Five Questions with Kids Comic Authors: Dan Santat!

5q

I’m so pleased to be participating in the Kids Comics Q&A Blog Tour.  Today I’m happy to also announce that our interview is coming to us via the multi-talented Jorge Aguirre and Raphael Rosado (they of the books Giants Beware and this year’s Dragons Beware).  They’re coming over here to chat with a fairly well-known fella.  Perhaps you’ve heard of a certain Dan Santat?  Darn right you have.

RAFAEL/JORGE:  Congratulations on the well-deserved Caldecott!  And thank you for taking our questions.

 

QUESTION (FROM RAFAEL):  You wrote a blog post last year about burning out from working on so much work (which I totally sympathize with); do you think winning the Caldecott will help you slow down a bit, or fuel the fire even more?

BeekleDAN SANTAT: That’s a question I’ve still been asking myself since winning. I’ve noticed that I’ve been more committed to getting a decent night sleep instead of working late into the night. I have, however, already made some book commitments prior to winning the award which I have to abide to. As far as fueling the fire, I feel that this award offers me a bit more of an opportunity to work on my own self authored titles. I think I’ve spent far too much time setting my own stories aside for other project commitments and I want to transition to spending my energy creating more of my own material, but we’ll see.

 

QUESTION:  How do you keep up the pace of work? Do you work on multiple projects at the same time?

SANTAT: I’ve thought about that recently, and I’ve sometimes wondered that myself. The truth is that I think my schedule was very hard on my body. I basically deprived my body of sleep to a point that it just got used to living on four to five hours a night with the consumption of lots and lots of coffee. I also had a very sedentary lifestyle just sitting and drawing all day until I started running in order to have more energy so I could work longer. I’m always working on multiple projects and I manage them by essentially devoting certain days to certain projects according to what is most urgent. I break up my workload into small chunks and spread it along an entire work week depending on the due date of the project and then just hit my marks on on those days to meet my deadlines.

 

SidekicksQUESTION:  We loved “Sidekicks!”  Are there more comics in the future?  How about an animated version of “Sidekicks?”

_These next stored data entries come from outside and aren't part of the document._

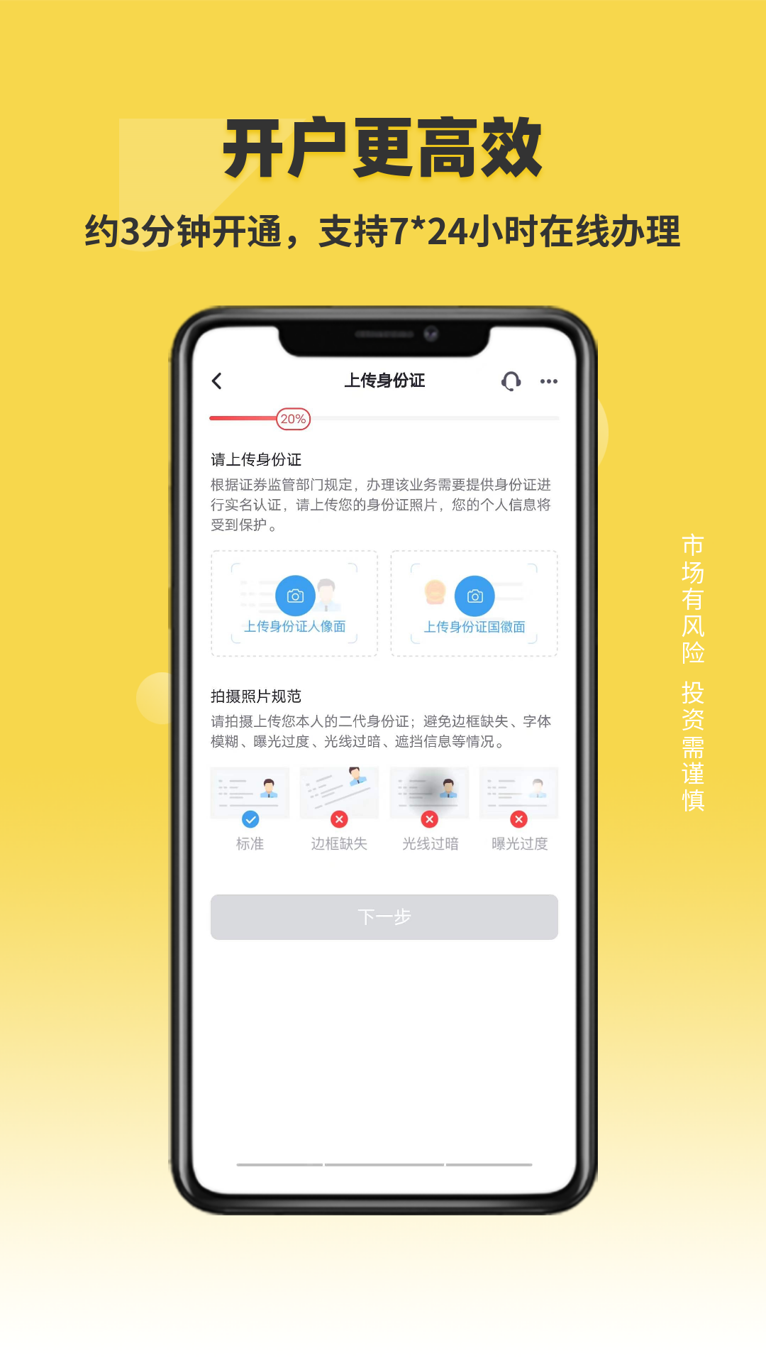 2、开户更高效:单双向视频见证任君选择,3分钟极速开户,支持7*24小时全天候办理。
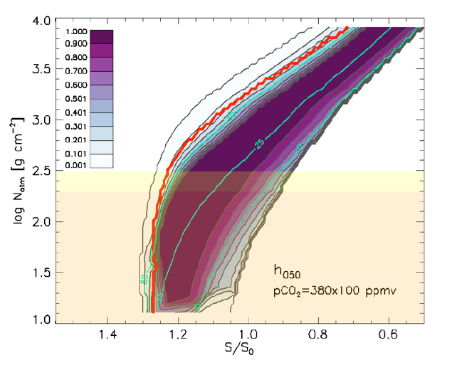 Simulazione numerica dell’indice di abitabilità (0; inabitabile; 1: acqua liquida su tutto il pianeta) in funzione della radiazione stellare incidente (normalizzata a quella della Terra) e della massa colonnare dell’atmosfera.
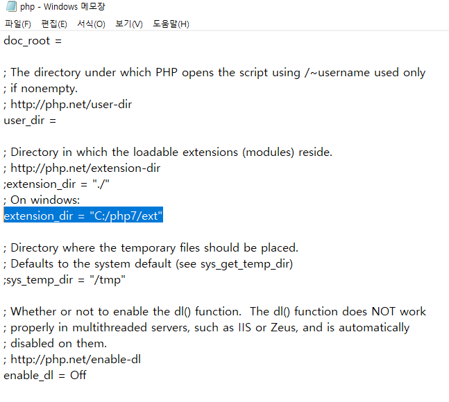 2. php7 폴더에서 php.ini-development 의 extension_dir의 경로를 C:/php7/ext로 변경하여 php.ini로 저장합니다.
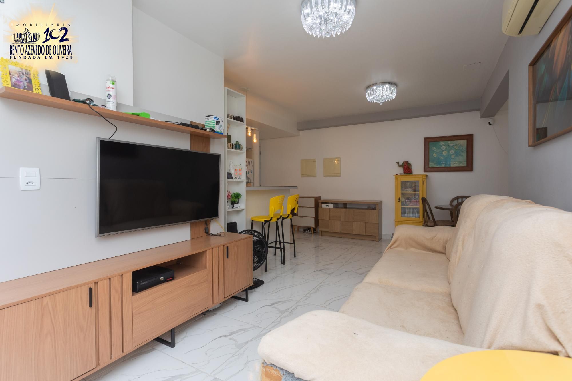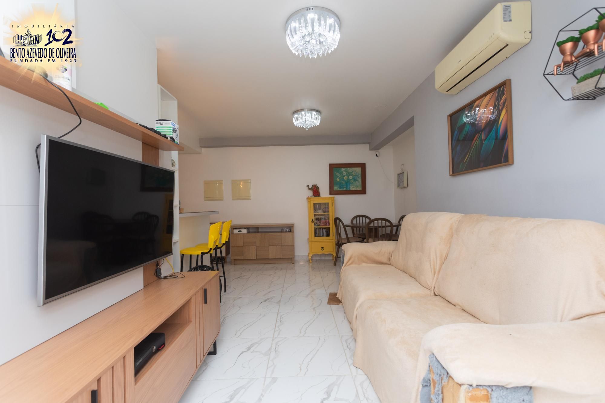 O imóvel conta com 3 dormitórios, sendo 1 suíte, banheiro social, ampla sala de estar com churrasqueira e cozinha funcional. Possui piso cerâmico, telas de proteção nas janelas e box de vidro nos banheiros.

SANTAT: I’m currently working on my next graphic novel called “The Aquanaut” with Arthur A. Levine Books (Scholastic) and I have other graphic novel ideas in the works. Many folks have asked for a Sidekicks sequel over the years and since then I’ve seriously considered turning it into a trilogy. There are still lots of other stories I want to tell though, so we’ll see how well I budget my time and how I want to use it.

 

QUESTION (FROM RAFAEL):  Do you miss working in animation at all, or are you fully dedicated to picture books now? By the way, I did a storyboard test for, “The Replacements” back in the day (I didn’t get the gig).

SANTAT: Sorry to hear that. I didn’t do any of the hiring for the show because I didn’t really have that eye for quality animators and board artists. I really was just an illustrator who was thrust into a position of having created a show and had absolutely no experience in the business. I actually don’t miss animation, at all. Well, to be honest, I don’t miss working with executives at all. They really stifle the process. It’s always about playing to the middle to try and get as many viewers as possible. It’s all about books for me. I’m all about the story. I trust a good story will always find its audience.

 

QUESTION:  Do you prefer drawing/painting in analog or digital media? Or does one complement the other in your work?

SANTAT: When I do one I long for the other if that makes any sense. I honestly can’t get as much work as I do without doing it digitally, but i make a point to incorporate traditional media into the artwork as much as possible by use of paint, pen, ink, and watercolor textures. It’s taken me years to settle on a good middle ground where they compliment one another. I still experiment constantly.

Betsy here. Many thanks indeed to the good folks at First Second and to these clever fellas for the discussion today. For the full roster of blogs on this tour check out the links here.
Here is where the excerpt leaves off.